### Directions for this task
Set down the data again exactly. Pictures are not part of the copy.

### Data shown
********************
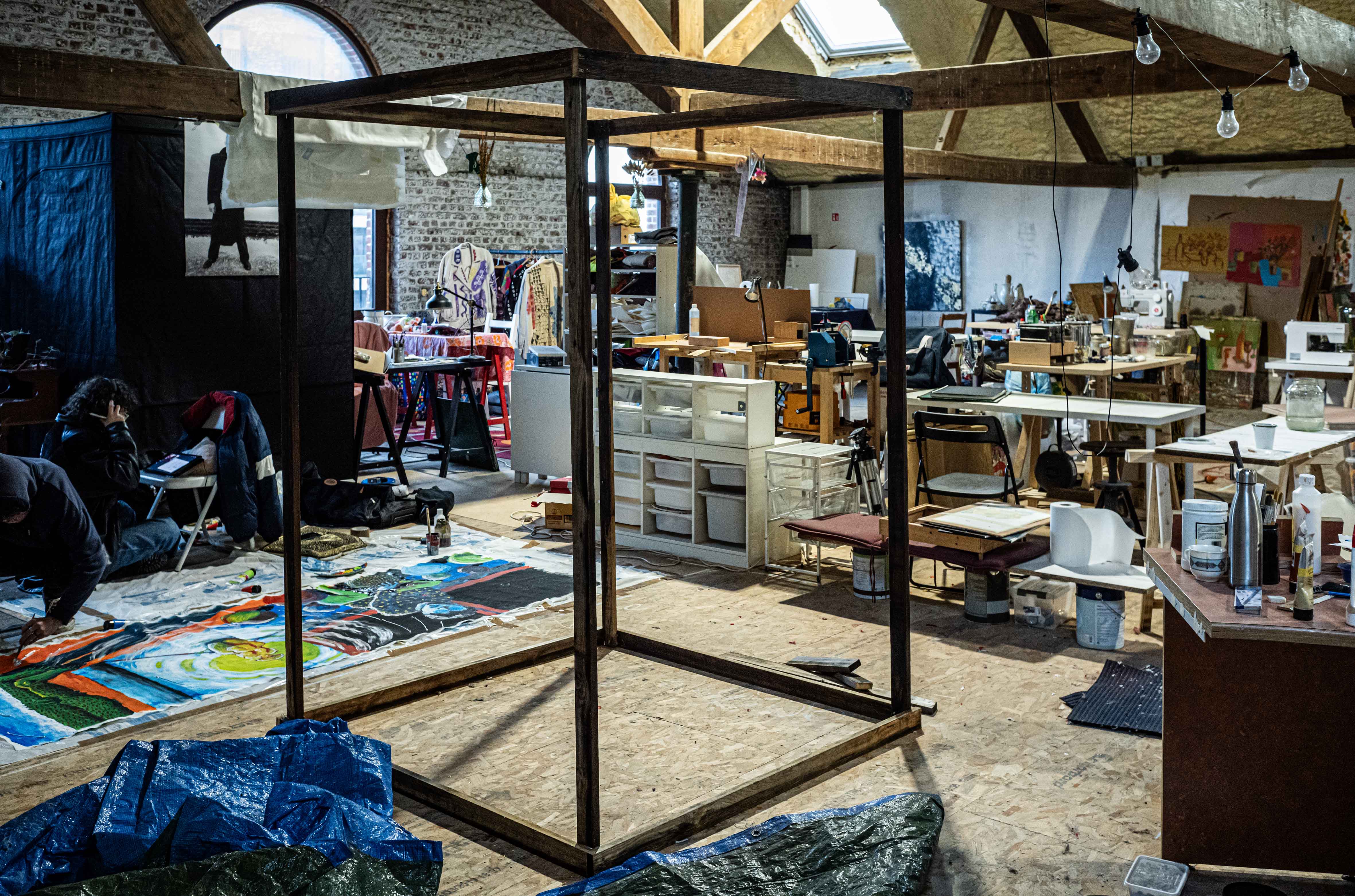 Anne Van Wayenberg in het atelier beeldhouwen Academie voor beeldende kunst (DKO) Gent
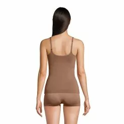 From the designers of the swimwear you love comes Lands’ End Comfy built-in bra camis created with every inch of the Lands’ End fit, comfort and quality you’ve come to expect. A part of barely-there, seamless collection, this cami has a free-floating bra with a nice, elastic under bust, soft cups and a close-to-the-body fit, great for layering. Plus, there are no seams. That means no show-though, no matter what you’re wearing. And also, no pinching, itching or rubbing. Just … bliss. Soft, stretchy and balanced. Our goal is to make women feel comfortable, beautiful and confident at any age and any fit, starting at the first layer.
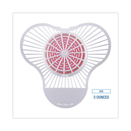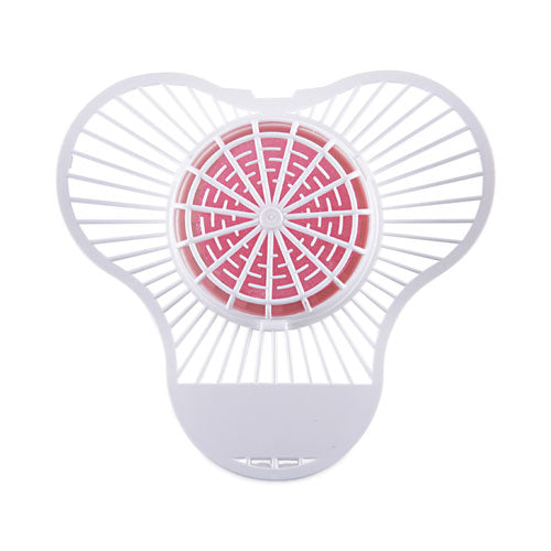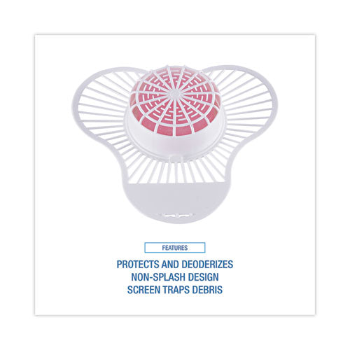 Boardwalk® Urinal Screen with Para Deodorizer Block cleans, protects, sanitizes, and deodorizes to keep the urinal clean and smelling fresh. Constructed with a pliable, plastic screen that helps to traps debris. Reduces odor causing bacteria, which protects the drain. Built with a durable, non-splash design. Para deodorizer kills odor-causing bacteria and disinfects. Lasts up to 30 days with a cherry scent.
********************
### Result for this exercise
 Anne Van Wayenberg in het atelier beeldhouwen Academie voor beeldende kunst (DKO) Gent
 From the designers of the swimwear you love comes Lands’ End Comfy built-in bra camis created with every inch of the Lands’ End fit, comfort and quality you’ve come to expect. A part of barely-there, seamless collection, this cami has a free-floating bra with a nice, elastic under bust, soft cups and a close-to-the-body fit, great for layering. Plus, there are no seams. That means no show-though, no matter what you’re wearing. And also, no pinching, itching or rubbing. Just … bliss. Soft, stretchy and balanced. Our goal is to make women feel comfortable, beautiful and confident at any age and any fit, starting at the first layer.
 Boardwalk® Urinal Screen with Para Deodorizer Block cleans, protects, sanitizes, and deodorizes to keep the urinal clean and smelling fresh. Constructed with a pliable, plastic screen that helps to traps debris. Reduces odor causing bacteria, which protects the drain. Built with a durable, non-splash design. Para deodorizer kills odor-causing bacteria and disinfects. Lasts up to 30 days with a cherry scent.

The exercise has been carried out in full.